Segment Start: Source records
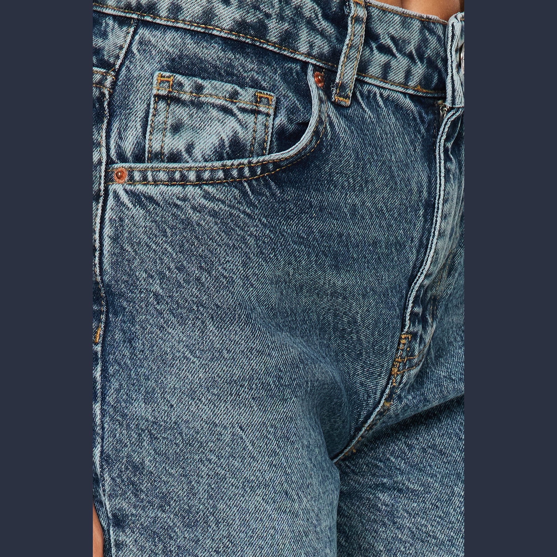- الخصائص الإضافية: تأثير باهت Vintage – قصة واسعة – خصر مرتفع – إغلاق بزر وسحاب
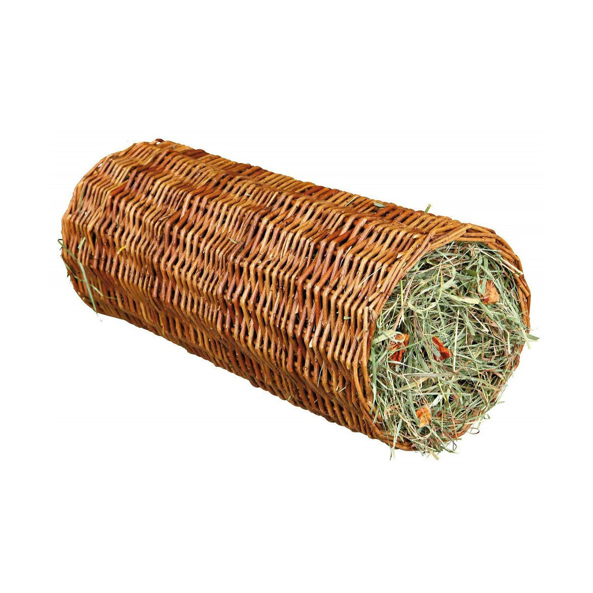 Dimensions: ø 20 × 38 cm Contient/Poids: 220 g pour: lapins, petits rongeurs Tunnel en osier avec foin avec carotte sans céréales Photo non contractuelle, car il y a plusieurs vendeurs sur une même fiche produit.
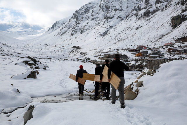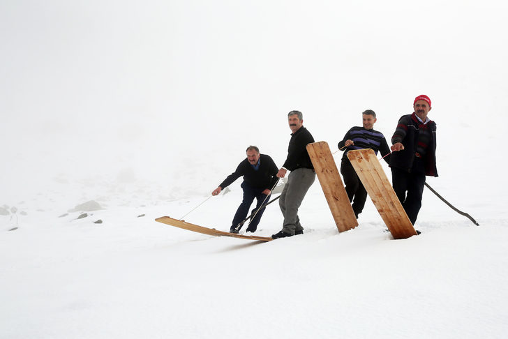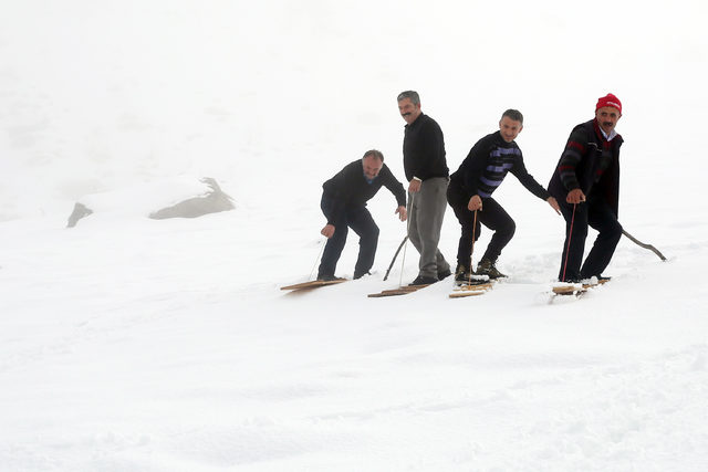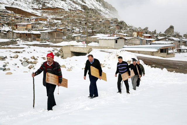 Mehmet Kurt ise, Kar 50-60 santimetre ve sert olduğunda hız yapabiliyoruz. Hızı kesmek için için ipi kullanıyoruz. Yollar kapalı olduğunda bu tahta ile aşağıya iniyoruz. En büyük eğlencemiz budur. Kışın hep kayarız ifadelerini kullandı.
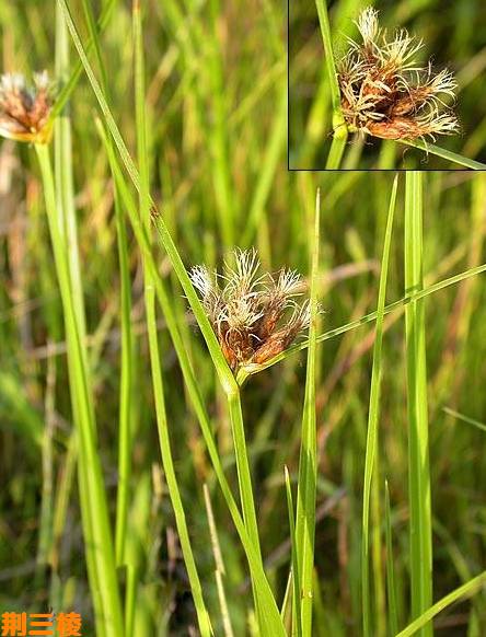 此外,尚有莎草科植物荆三棱的块茎,在东北及内蒙古、陕西、新疆、江苏等地亦作三棱使用,商品习称黑三棱(《开宝本草》记载的黑三棱即此),或称带皮三棱。荆三棱为多年生草本,高70~150厘米。根茎横走,先端具球状块茎。茎锐三棱形。叶扁平,线形,长20~30厘米,宽5~10毫米,基部呈鞘状抱茎。长侧枝聚伞花序有3~8辐射枝;每辐射枝有1~3(~4)小穗;小穗长圆形,长1~2厘米,宽6~8(~10)毫米;鳞片膜质,长约7毫米,外面被短柔毛,先端有芒,芒长2~3毫米;刚毛6;雄蕊3,雌蕊1,柱头3。小坚果三棱形。药材呈近圆球形或倒圆锥形,长约3~4厘米,直径约2~3厘米。表面黑褐色或红棕色,有皱纹,须根痕较少;去皮者外形与上述品种相似;质轻而坚,横切面平坦,黄色,有散在的维管束;气微,味淡。
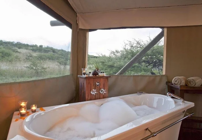 De tenten zijn zowel modern als klassiek ingericht. Er is voor de kleuren bruin en beige gekozen, dus de ‘klassieke’ safarikleuren. De constructie van de tenten bestaat uit steen, glas, hout en canvas. Dit geeft de lodge zowel een moderne als klassieke uitstraling.
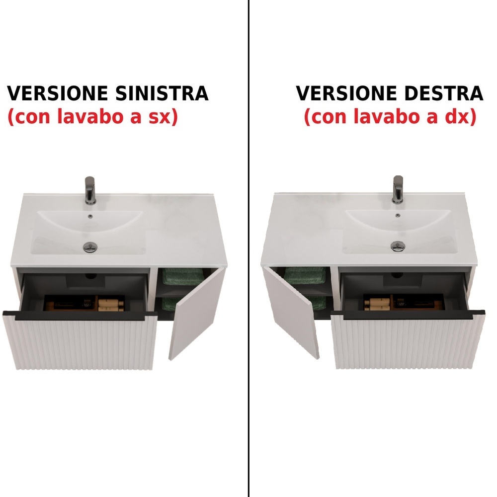 Mobile bagno Lion4 con cassettone ed anta 90 o 100 cm lavabo dx o sx in 11 colori
Segment End: Source records
Exercise directions
The copy you produce must hold all the records above exactly and none of their pictures.

Your response
- الخصائص الإضافية: تأثير باهت Vintage – قصة واسعة – خصر مرتفع – إغلاق بزر وسحاب
 Dimensions: ø 20 × 38 cm Contient/Poids: 220 g pour: lapins, petits rongeurs Tunnel en osier avec foin avec carotte sans céréales Photo non contractuelle, car il y a plusieurs vendeurs sur une même fiche produit.
 Mehmet Kurt ise, Kar 50-60 santimetre ve sert olduğunda hız yapabiliyoruz. Hızı kesmek için için ipi kullanıyoruz. Yollar kapalı olduğunda bu tahta ile aşağıya iniyoruz. En büyük eğlencemiz budur. Kışın hep kayarız ifadelerini kullandı.
 此外,尚有莎草科植物荆三棱的块茎,在东北及内蒙古、陕西、新疆、江苏等地亦作三棱使用,商品习称黑三棱(《开宝本草》记载的黑三棱即此),或称带皮三棱。荆三棱为多年生草本,高70~150厘米。根茎横走,先端具球状块茎。茎锐三棱形。叶扁平,线形,长20~30厘米,宽5~10毫米,基部呈鞘状抱茎。长侧枝聚伞花序有3~8辐射枝;每辐射枝有1~3(~4)小穗;小穗长圆形,长1~2厘米,宽6~8(~10)毫米;鳞片膜质,长约7毫米,外面被短柔毛,先端有芒,芒长2~3毫米;刚毛6;雄蕊3,雌蕊1,柱头3。小坚果三棱形。药材呈近圆球形或倒圆锥形,长约3~4厘米,直径约2~3厘米。表面黑褐色或红棕色,有皱纹,须根痕较少;去皮者外形与上述品种相似;质轻而坚,横切面平坦,黄色,有散在的维管束;气微,味淡。
 De tenten zijn zowel modern als klassiek ingericht. Er is voor de kleuren bruin en beige gekozen, dus de ‘klassieke’ safarikleuren. De constructie van de tenten bestaat uit steen, glas, hout en canvas. Dit geeft de lodge zowel een moderne als klassieke uitstraling.
 Mobile bagno Lion4 con cassettone ed anta 90 o 100 cm lavabo dx o sx in 11 colori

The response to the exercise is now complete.